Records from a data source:
== Segment start ==

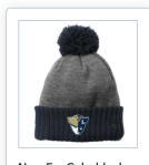
New Era Colorblock
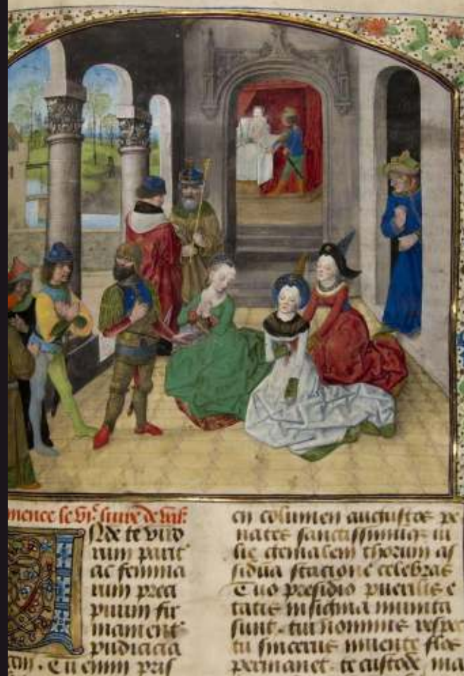
Bruges, MSem, Ms. 157/188 f.38r; s. XV; Valerius Maximus, Facta et dicta memorabilia
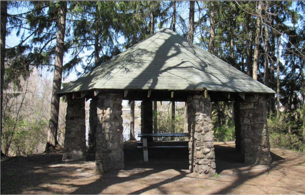
NY_Erie County_Town of Amherst_10 Creekside Drive_Shelter_I-35
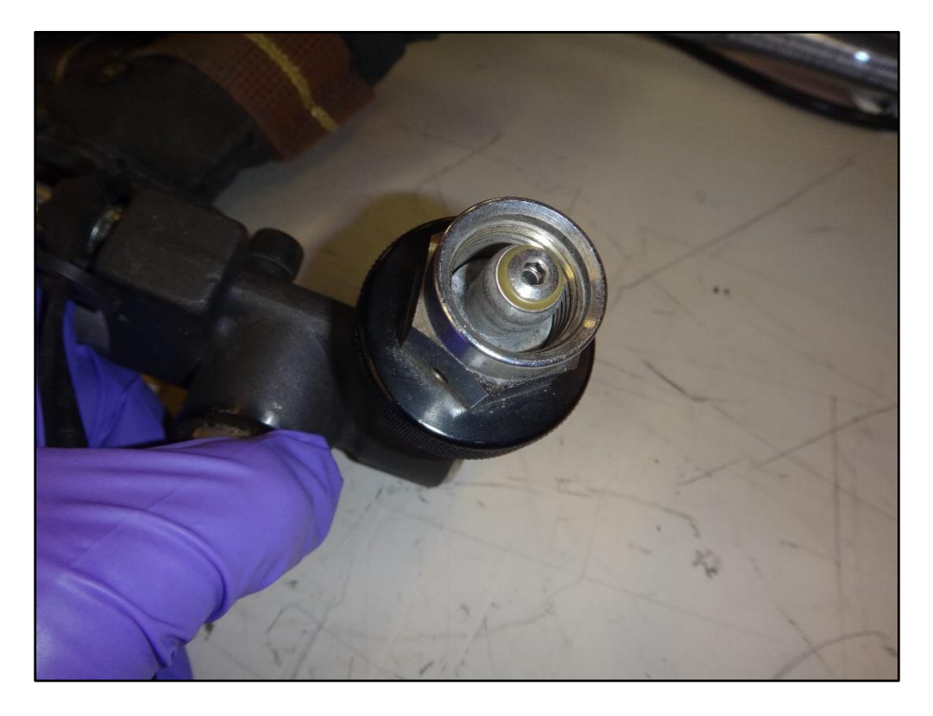
Figure 11: Cylinder attachment and RIC UAC connector
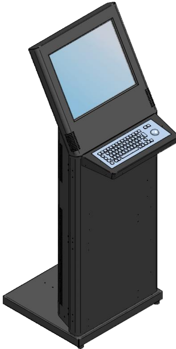
w/ keyboard & w/o bcr shelf kit
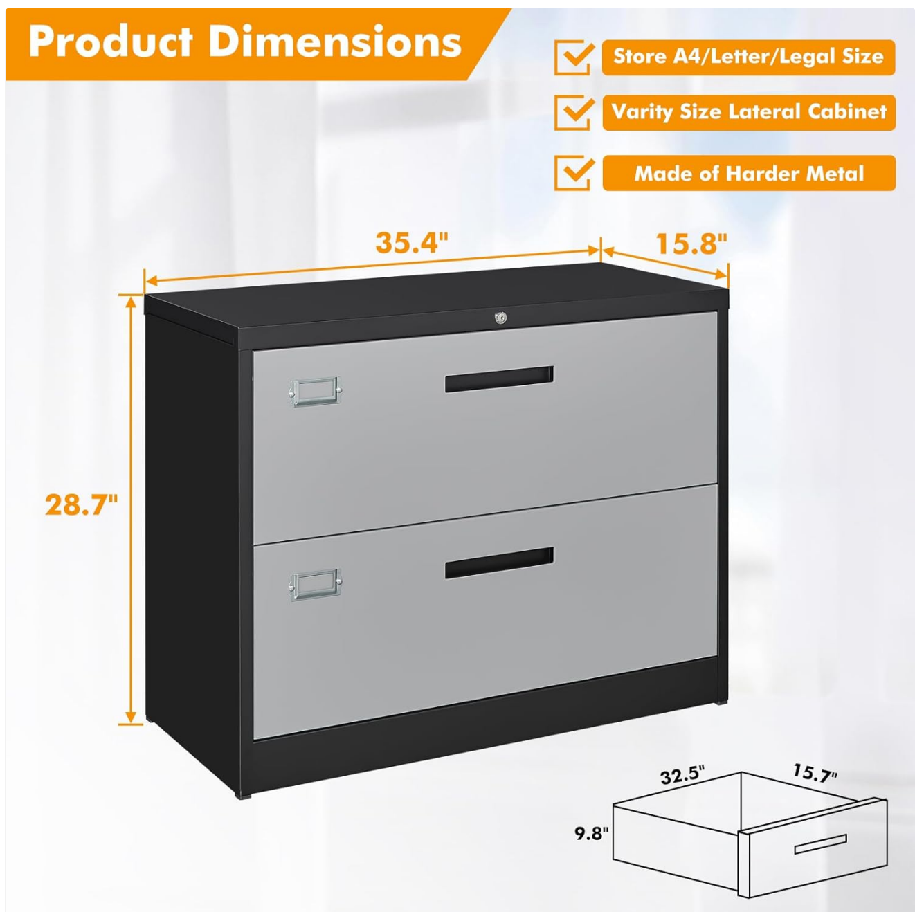
Figure 3.1: Product Dimensions. This image illustrates the overall dimensions of the 2-drawer lateral file cabinet, including width, depth, and height, along with drawer dimensions.
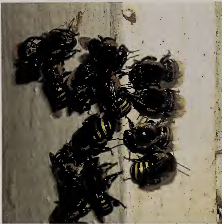
Figure 4. Workers interacting heavily at DCS4. Above a droplet of resin deposited by these workers with on top of this a part of a flower petal.

At all sites we found deposits of plant resin. We actually observed the deposition of plant material by workers at the incipient DCS4 when still very few males were present. Workers deposited plant resin and small parts of white flower petals on the substrate (figure 4). Beside these plant materials we also found mud ridges at the substrate of DCS1. The elaborate mud ridges resembled the typical mud ridges at the entrances of M. favosa nests. We did not observe the actual construction of these ridges but we conclude that they were made by workers since we have never observed drones working at such constructions.
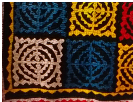
Ralli Quilt from Hyderabad, Pakistan c. 2014

There was a large range of quilts selected for the display including a barn quilt outside.
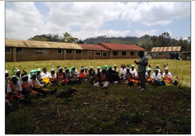
1. Initial meetings for pass on groups beneficiaries' identification process
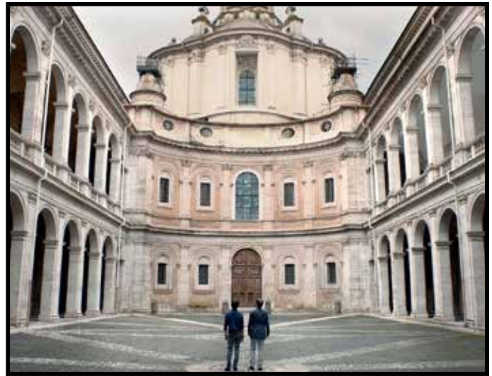
LA SAPIENZA, March 14, 16
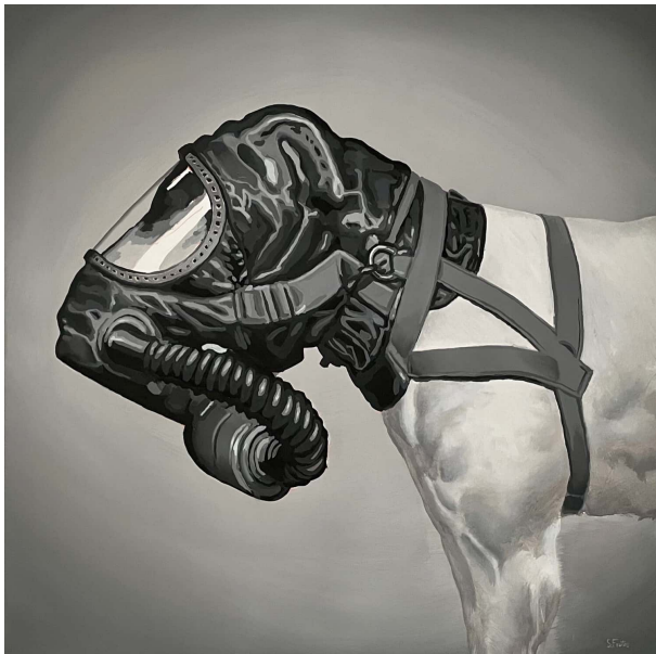
US War Dogs I. Acrylic on canvas, 130 x 130 cm, 2025 →
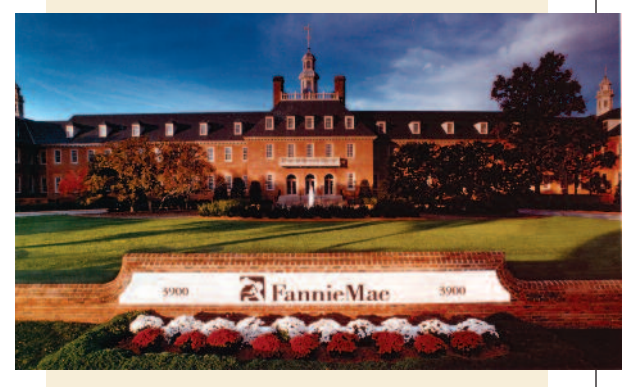
Fannie Mae headquarters in Washington, D.C.
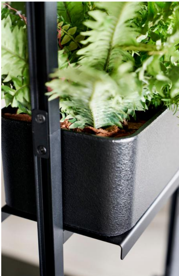
FLOWER BOX RECYCLED

Plants naturally enhance air quality by absorbing CO 2 and releasing oxygen, creating a fresher and more balanced environment.
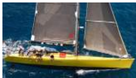
CHESSEA Volvo 60 19.50 m 1997, Refit 2015 Location: Sète, France EUR 180 000
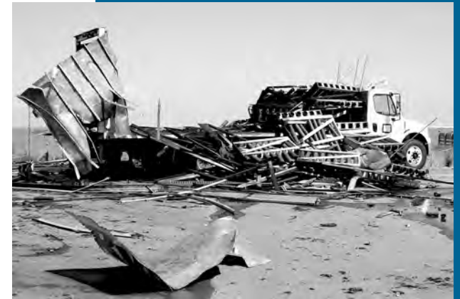
Debris in the aftermath of the fireworks explosion that killed four employees.

The investigation documented the need to evaluate the safety and health record of subcontractors hired to do work, and the dangers of allowing gas to vent into an enclosed room where a source of ignition is present. This investigation and others across the country documented the danger of venting gas in an enclosed room and have resulted in rule changes that prohibit this activity.
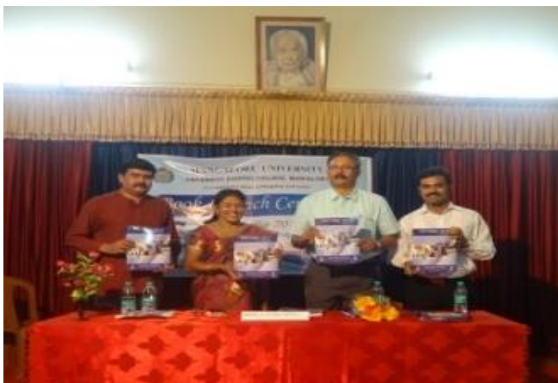
Release of an edited book on GST
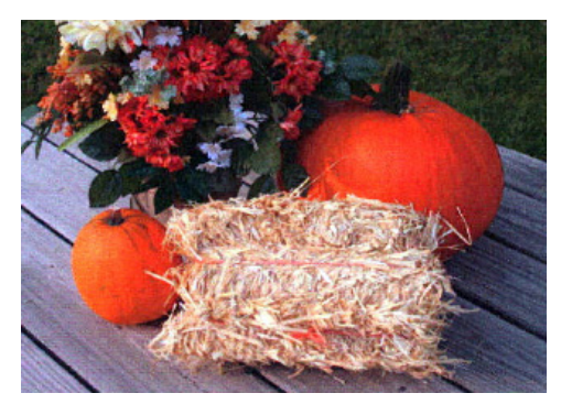
222243 SMALL SINGLE STRAW BALE 24 ct *Pre-Order Survey Only*
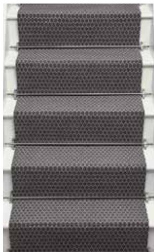
CHE0017 Earl Grey
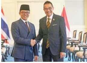
Indonesian Foreign Minister Sugiono (L) with Thailand's Foreign Minister Maris Sangliampongsa during their meeting in Bangkok, Thailand
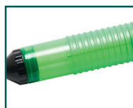
Transparent tube is easy to check solder residue
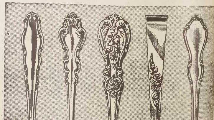
English Provincial Spanish Baroque Francis I Classic Rose Hampton Court

We have your favorite sterling pattern... as featured in Reed & Barton's
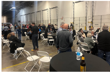
Almost 150 members and guests attended the Feb. 23 After Hours hosted by Corradi USA.
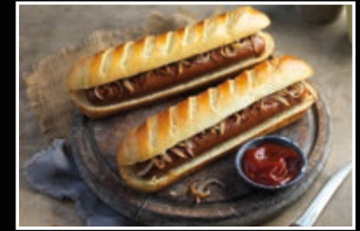
ST PIERRE BRIOCHE BAGUETTE
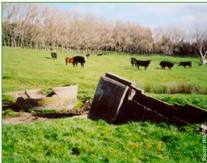
Outline of former plunge dip

Regional Councils are able to apply for Government funding to assist with the remediation of contaminated land, which will provide part of the costs if an application is successful.
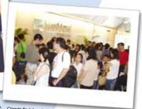
Crowds flock to submit their applications on the Recruitment Day.
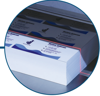
LED Laser Cut Line See where the blade will cut while making fine adjustments
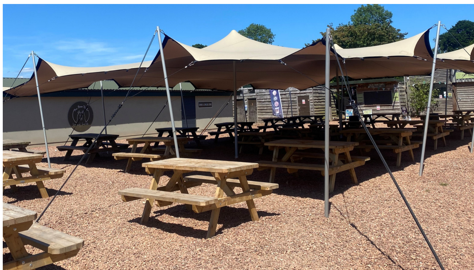
Outdoor Picnic Area
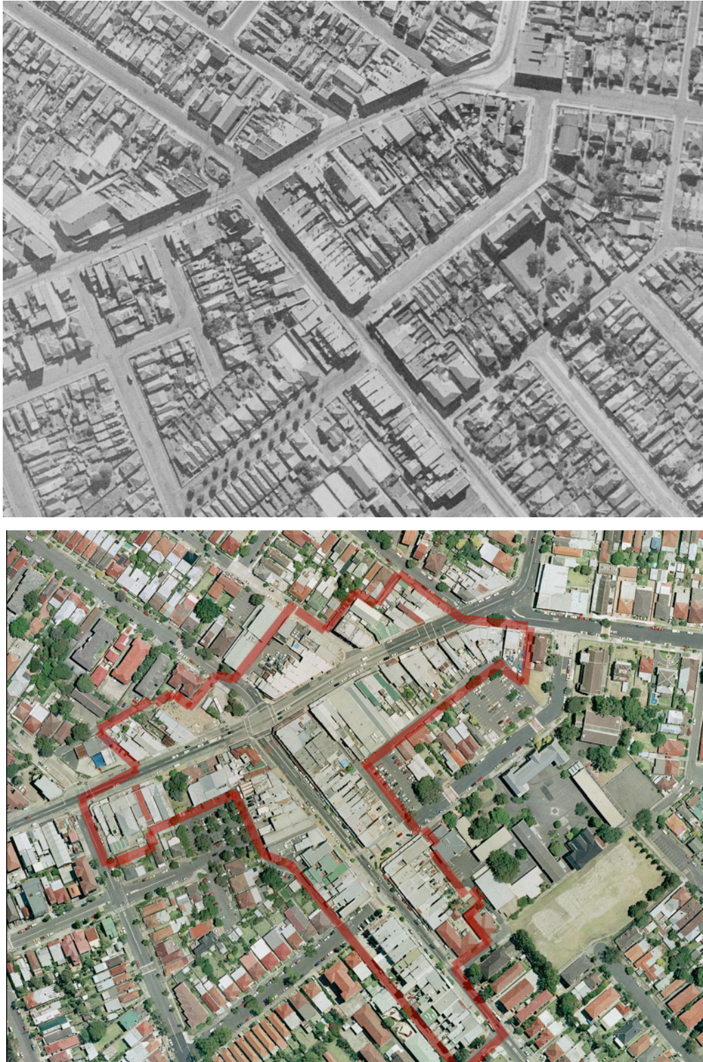
Figure 28.2 The Area in 1943 and 2009

The Dulwich Hill Commercial Precinct Heritage Conservation Area follows the alignment of New Canterbury Road between Constitution Road/Beach Street and Herbert Street and Marrickville Road from its intersection with New Canterbury Road to Macarthur Parade.
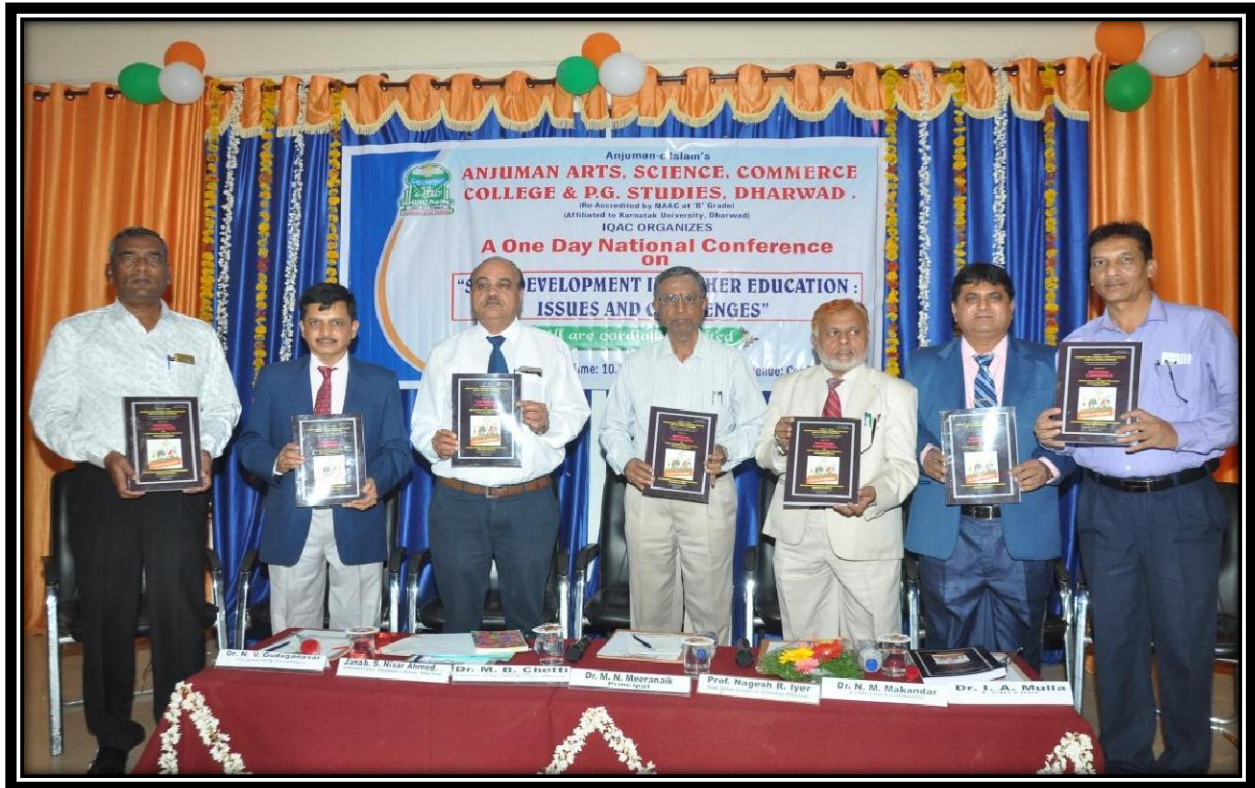
Special Issues on Paper Publication Released by the Guests

== Segment end ==

_Your assignment_. Collect the lines of the records that include the string "their".

_Answer to this problem_.
Indonesian Foreign Minister Sugiono (L) with Thailand's Foreign Minister Maris Sangliampongsa during their meeting in Bangkok, Thailand
Crowds flock to submit their applications on the Recruitment Day.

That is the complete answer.